2019-08-19 Transplanting a directory to another Git repository

Last edit

Summary: +categories

Added:

> CategoryEnglish, CategoryBlog, CategoryGit


Recently, I had a very specific need. I wanted to move a directory to another Git repo, but I really needed to preserve its history.

There is a quite well-known instance of a similar thing – the famous coolest merge ever is basically importing one project into another, preserving its history. My use-case, however, was a bit more difficult because I wanted to simultaneously move things to a directory with another name. (I could, of course, start with making a temporary clone – or a branch – in the “source” repo, delete everything I do not want to merge in it, change the directory structure to reflect what I want in the “destination” repo and commit all these changes. I wanted to avoid that, though. One of the reasons is that file renaming, while supported by Git, introduces unnecessary complications when analysing history.)

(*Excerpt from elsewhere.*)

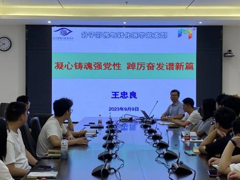 活动伊始,团队负责人王忠良教授为全体师生讲授以“凝心铸魂强党性,踔厉奋发谱新篇”为题的党课,他强调了分子影像与转化医学党支部面向国家重大需求和人民生命健康的科研目标,以及对高质量科研的不懈追求,指出研究生阶段的学习和科研工作是充满挑战和艰辛的,只有通过不懈的努力和勤奋的实践,才能取得优异的成果和成就。王忠良教授通过分享自身科研经历,指出科研过程中的重点、难点之处,鼓励新生们要培养批判精神,在科研中要有工作激情,要善于运用自己所学的专业知识,勇于探索未知,攻坚克难、勇攀高峰。王忠良教授最后强调了实验室安全的重要性。

So, let’s get started. Assume that we have two Git repos, source and dest. In the source repo we have (among other things) a subdirectory called directory, and we want to move all files from it to a directory called folder in dest.

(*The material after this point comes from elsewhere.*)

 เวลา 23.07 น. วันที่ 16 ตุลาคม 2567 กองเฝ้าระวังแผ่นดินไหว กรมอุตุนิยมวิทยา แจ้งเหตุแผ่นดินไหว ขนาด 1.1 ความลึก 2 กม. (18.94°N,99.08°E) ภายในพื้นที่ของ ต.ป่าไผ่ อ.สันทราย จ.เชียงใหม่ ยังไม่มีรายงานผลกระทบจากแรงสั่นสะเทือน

To begin with, let us create the repos. (On my machine, /mem is a scratch directory, much like /tmp, with the advantage that it only contains stuff I put here instead of a whole lot of things some random programs decide to save in /tmp. Also, as the name suggests, it resides in a ramdisk, so nothing there sticks for too long.)

cd /mem
rm -rf source dest
git init source
git init dest
cd source
mkdir directory
echo "some file in the root dir" > some-file.txt
echo "another file in the directory dir" > directory/another-file.txt
git add .
git status
git commit -m "Initial commit"
echo "added line" >> directory/another-file.txt
git commit -am "Add a line"
echo "An unrelated commit" >> some-file.txt
git commit -am "An unrelated commit"
echo "A commit spanning everything" >> some-file.txt
echo "A commit spanning everything" >> directory/another-file.txt
git commit -am "Make huge changes"
cd ../dest
echo "The destination repo" > README.txt
git add README.txt
git commit -m "Add README.txt"

We now have two simple Git repos to experiment. (Note that because of rm -rf, the snippet above will recreate them from scratch every time it is run, which is quite convenient for experimentation.)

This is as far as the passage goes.